Conflicts
Once the Entity normalization process is complete, you should review those results in the Conflicts subtab in the Entity Analysis tab.
Conflicts fields
The following are definitions of fields found within the Conflicts subtab.
Field | Description |
---|
Conflict ID | Unique identifier for that conflict |
Number of Entities | Number of entities in the conflict cluster |
Total Docs | Total documents containing records affected by this cluster |
Conflict Reason | Reason there is a conflict for this group of entities |
Total Conflicts | Number of conflicts |
Primary Conflicts | Specific list of conflicting PI Types that are also primary PI types based on your Data Analysis categorization. |
Secondary Conflicts | Specific list of conflicting PI Types that are also secondary PI types based on your Data Analysis categorization. |
Tertiary Conflicts | Specific list of conflicting PI Types that are also tertiary PI types based on your Data Analysis categorization. |
Status | Review status of the conflict cluster: - Not Reviewed—the conflict cluster has not been reviewed by a human user yet.
- Review in Progress—the conflict cluster is being reviewed by a human user.

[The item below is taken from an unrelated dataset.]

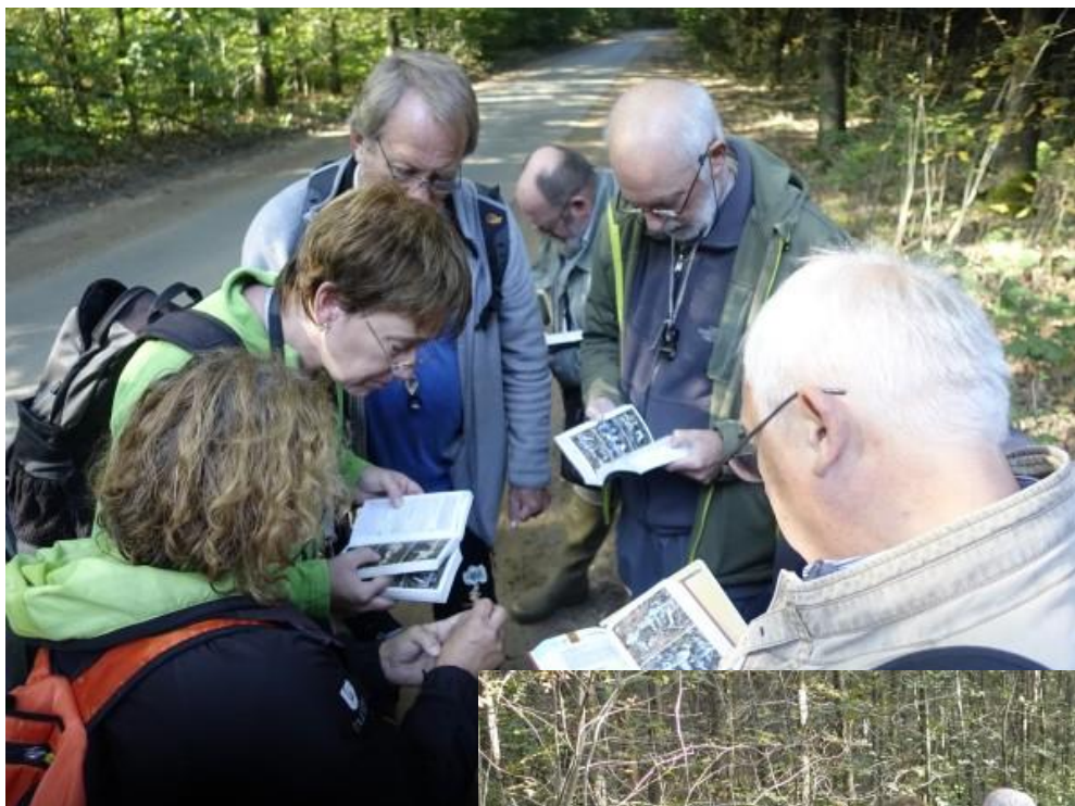
Ze waren weer bijzonder ijverig de Slobkousjes
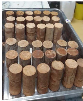
ตัวอย่างที่หลังครบอายุบ่ม

- Review Complete—the conflict cluster has been reviewed by a human user and been marked as reviewed in the Conflict Details view
|
Resolved By | The name of the user who reviewed or is reviewing the conflict cluster |
Resolved On | Time stamp of when the user marked the conflict cluster as reviewed |
Example conflict logic
Scenario description | Name | Primary | Secondary | Tertiary | Example Alias 1 | Example Alias 2 |
---|
Names match or are similar, but primary identifiers do not match. Tertiary identifiers match. | Match | No match | - | Match | Name: John Smith
SSN: 223-55-6788
Email: jsmith@gmail.com | Name: John Smith
SSN: 123-45-6789
Email: jsmith@gmail.com |
Names match or are similar. There is not enough information on primary identifiers to compare. Secondary identifiers do not match. Tertiary identifiers match. | Match | Not enough info | No match | Match | Name: John Smith
Email: jsmith@gmail.com DOB: 01/20/1990 | Name: John Smith
Email: jsmith@gmail.com
DOB: 12/10/1970 |
Names match or are similar. There is not enough information on primary identifiers to compare. Secondary identifiers do not match. Tertiary identifiers match. | No match | Match | - | - | Name: John Smith
SSN: 123-45-6789
DOB: 01/20/1990 | Name: David Johnson
SSN: 123-45-6789 |
Names are not similar and primary identifiers do not match. Tertiary matches. | No match | No match | - | Match | Name: John Smith
SSN: 123-45-6789
Email: jsmith@gmail.com | Name: Adam Brown
SSN: 623-65-6678
Email: jsmith@gmail.com |
Names are not similar and there is not enough information on primary identifiers to compare. Tertiary matches. | No match | Not enough info | - | Match | Name: John Smith
Email: jsmith@gmail.com | Name: David Johnson
Email: jsmith@gmail.com |
Recommended workflow
We recommend using the following workflow for review:
- Sort the table to review all clusters with Primary Conflicts > 0.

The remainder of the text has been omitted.